The importance of nature was not only recognised on the conference’s relevant thematic day, but across the COP programme and venue, including at country pavilions. Alongside donors pledging commitments to biodiversity and new funding for nature-based solutions, we were inspired to see innovative and nuanced discussions on making the most of nature’s contributions from the local to national and transboundary scale.
We were also struck by conversations with business and finance organisations in which they expressed awareness of the need for transformative change to lessen their impact on nature alongside reducing their emissions. For example, multilateral development banks issued a joint statement that recognised the need to integrate action on climate change, biodiversity loss and pollution, and agree on shared common principles for nature-positive finance.

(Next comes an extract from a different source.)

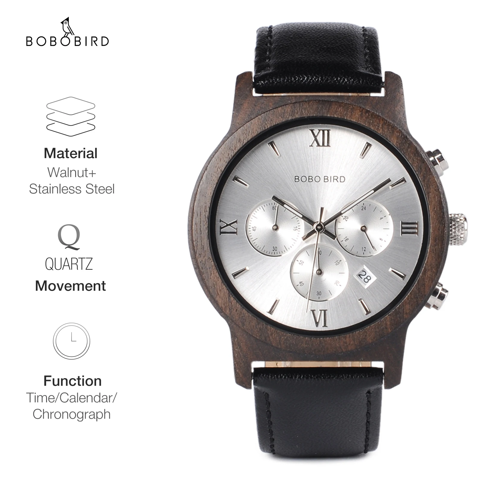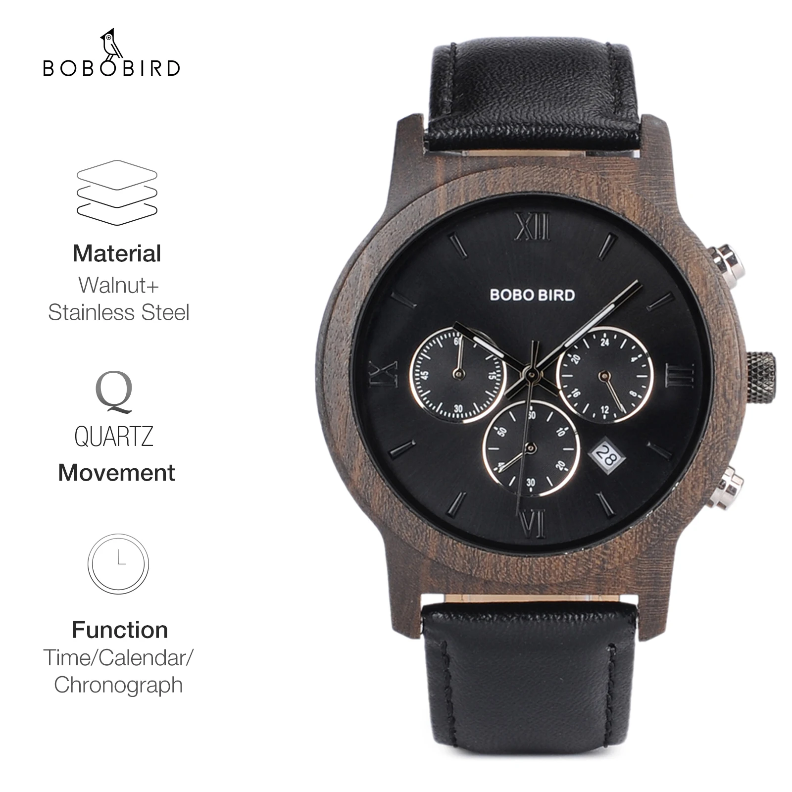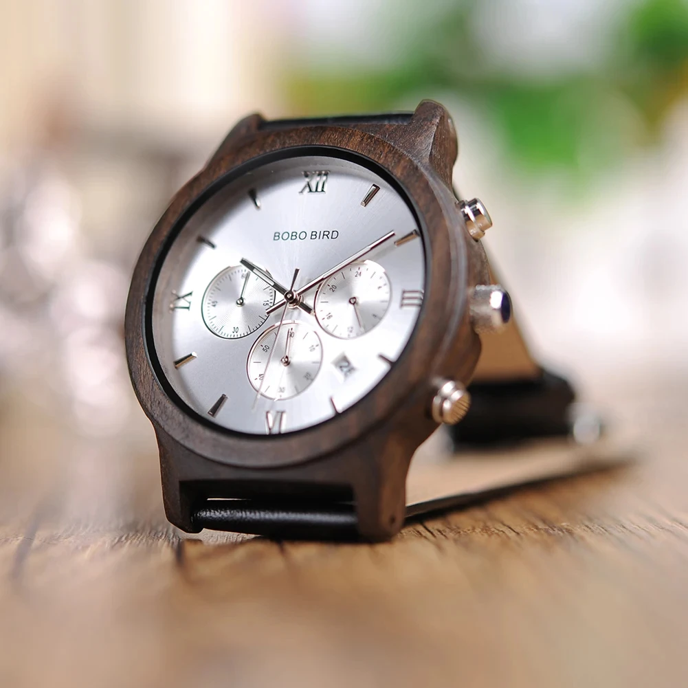 BOBO BIRD-Montre-bracelet à quartz en bois pour homme, horloge Shoous, bracelet en cuir, nouveau design, grande boîte cadeau, mode

There were also numerous cutting-edge discussions on topics central to business interests, such as how insurance can rapidly respond to climate events in marine and coastal ecosystems.
While nature featured in key aspects of the negotiations, there is still scope for it to be better integrated. Forests and deforestation continue to dominate understanding of how biodiversity can help us combat climate change, but conservation, restoration and sustainable management of biodiversity beyond forests can also play a significant role.
Worryingly, text developed in relation to the outcomes of the Global Stocktake includes little attention to ensure climate policy and action do not undermine ambitions for biodiversity. For example, the text calls for renewable energy capacity to triple globally by 2030, requiring increased supply of critical minerals from mining. The implications for biodiversity will need to be considered explicitly and safeguards put in place to avoid significant unintended negative consequences for biodiversity.
Going into 2024, UNEP-WCMC will continue to support intergovernmental processes on both climate and nature, and bring the best possible information to bear on the links between these agendas. We look forward to championing integrated action – particularly in a year when all three of the Rio Convention COPs on climate, biodiversity and desertification – will meet. We will support our partners in government and the private sector build on synergies between these sets of objectives and navigate potential trade-offs involved. We are particularly keen to help ensure that decisions, actions and financial mechanisms progressed in the coming year address both the nature and climate crises, and deliver multiple benefits, including enhanced climate resilience for the poorest and most vulnerable.